> MATERIAL SUPPLIED:
-*-*-

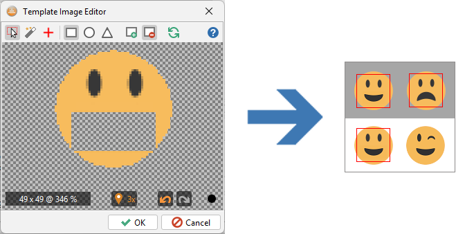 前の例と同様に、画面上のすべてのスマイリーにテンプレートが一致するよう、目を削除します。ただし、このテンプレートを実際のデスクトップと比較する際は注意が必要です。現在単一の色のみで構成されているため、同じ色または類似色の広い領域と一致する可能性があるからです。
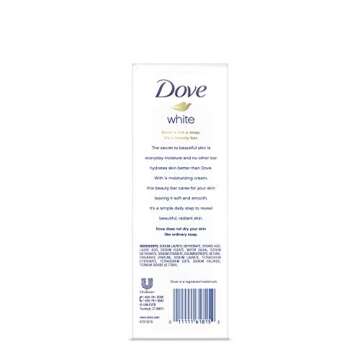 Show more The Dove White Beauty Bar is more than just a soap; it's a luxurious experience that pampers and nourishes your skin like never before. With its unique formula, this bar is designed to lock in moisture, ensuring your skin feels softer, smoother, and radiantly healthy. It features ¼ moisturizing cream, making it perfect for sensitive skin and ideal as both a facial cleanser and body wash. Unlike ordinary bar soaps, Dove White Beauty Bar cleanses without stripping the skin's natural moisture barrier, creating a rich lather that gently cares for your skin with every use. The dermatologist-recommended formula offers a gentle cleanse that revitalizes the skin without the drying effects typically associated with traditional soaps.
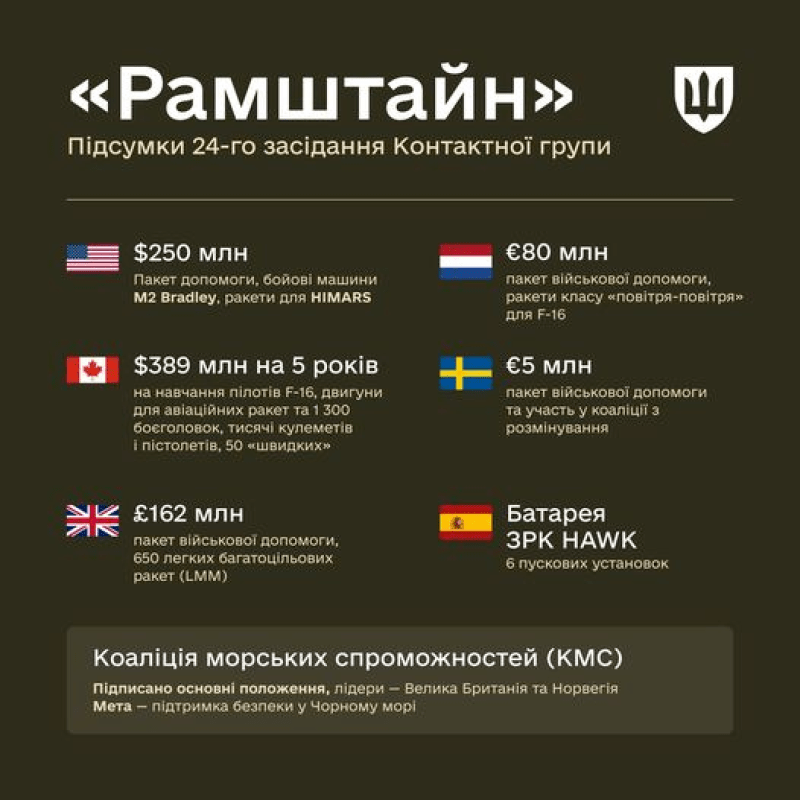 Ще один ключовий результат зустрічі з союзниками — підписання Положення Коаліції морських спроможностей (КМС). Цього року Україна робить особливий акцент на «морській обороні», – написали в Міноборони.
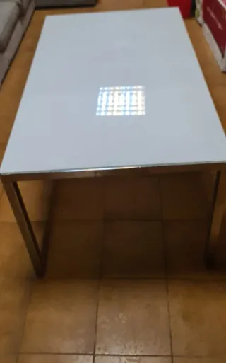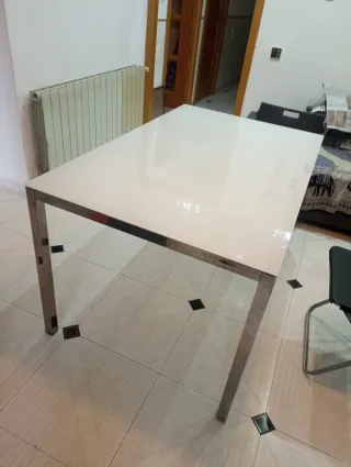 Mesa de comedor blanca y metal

-*-*-

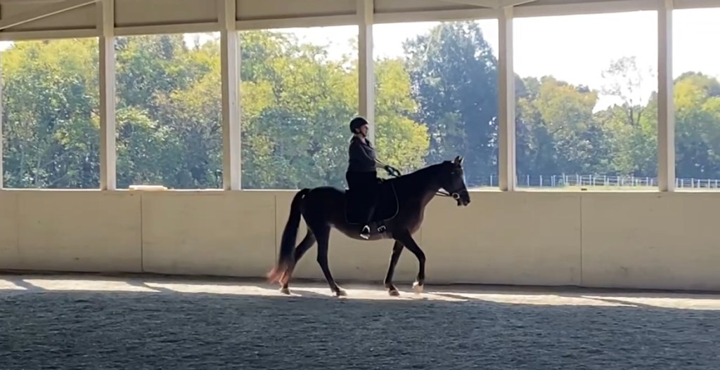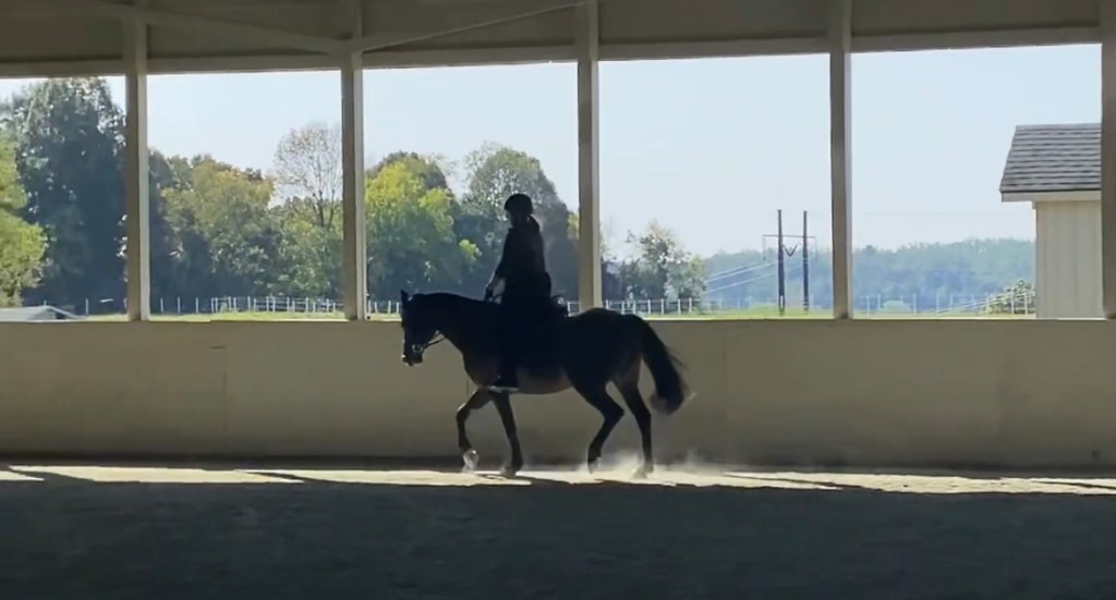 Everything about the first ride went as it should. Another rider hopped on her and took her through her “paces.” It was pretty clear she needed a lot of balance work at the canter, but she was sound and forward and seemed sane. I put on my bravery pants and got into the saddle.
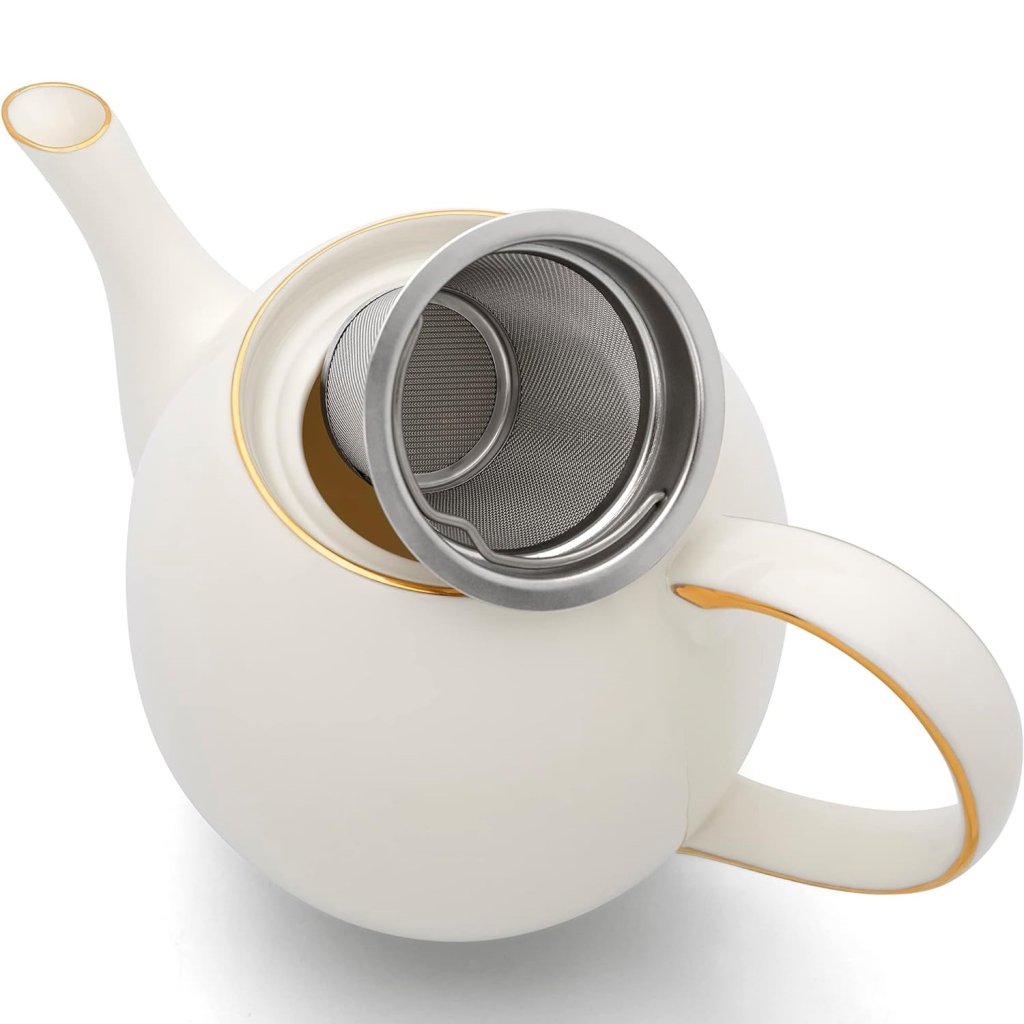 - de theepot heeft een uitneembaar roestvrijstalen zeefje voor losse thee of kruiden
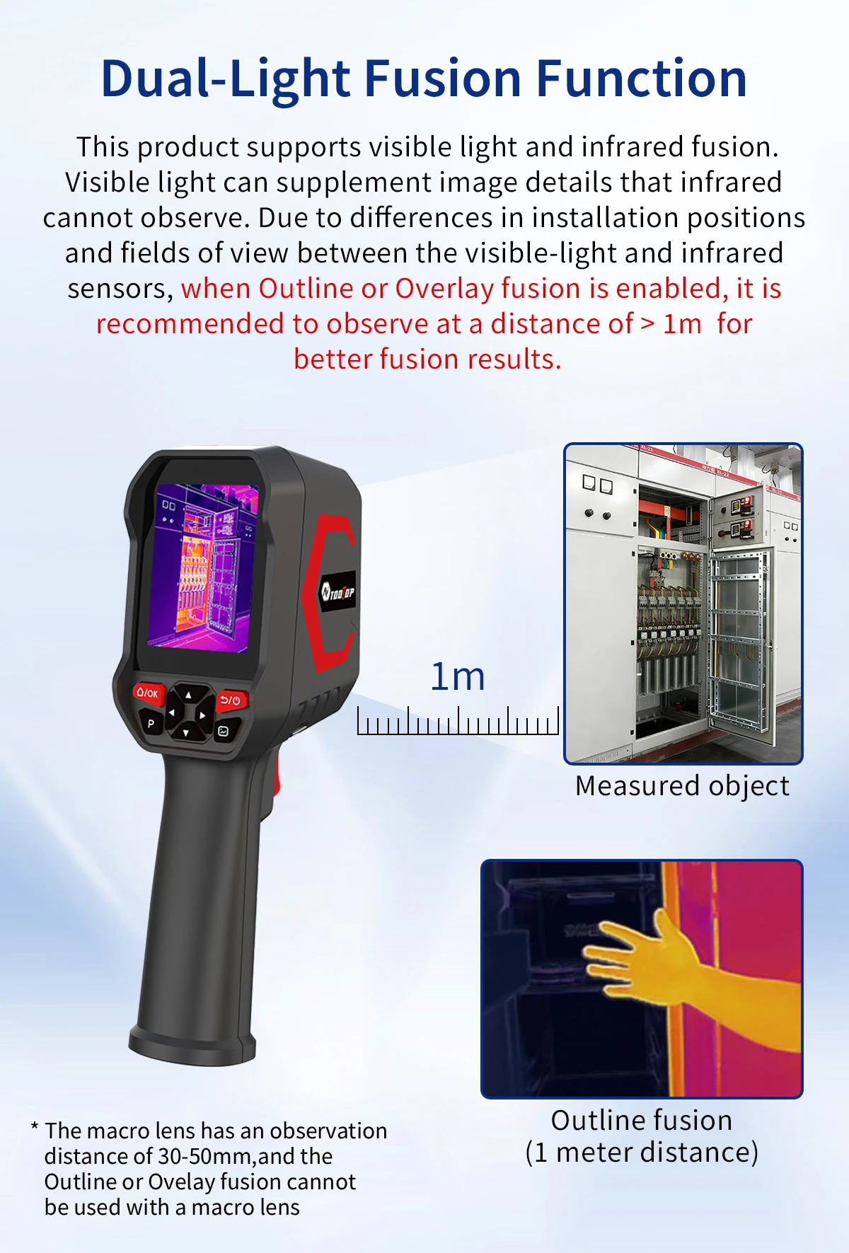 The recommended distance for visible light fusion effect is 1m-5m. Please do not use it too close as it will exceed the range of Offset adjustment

-*-*-

> YOUR GOAL: Beginning with the line above that contains "- de theepot" and finishing with the line that contains "The recommended distance", print those lines exactly and only. Skip all pictures.

> SOLUTION:
 - de theepot heeft een uitneembaar roestvrijstalen zeefje voor losse thee of kruiden
 The recommended distance for visible light fusion effect is 1m-5m. Please do not use it too close as it will exceed the range of Offset adjustment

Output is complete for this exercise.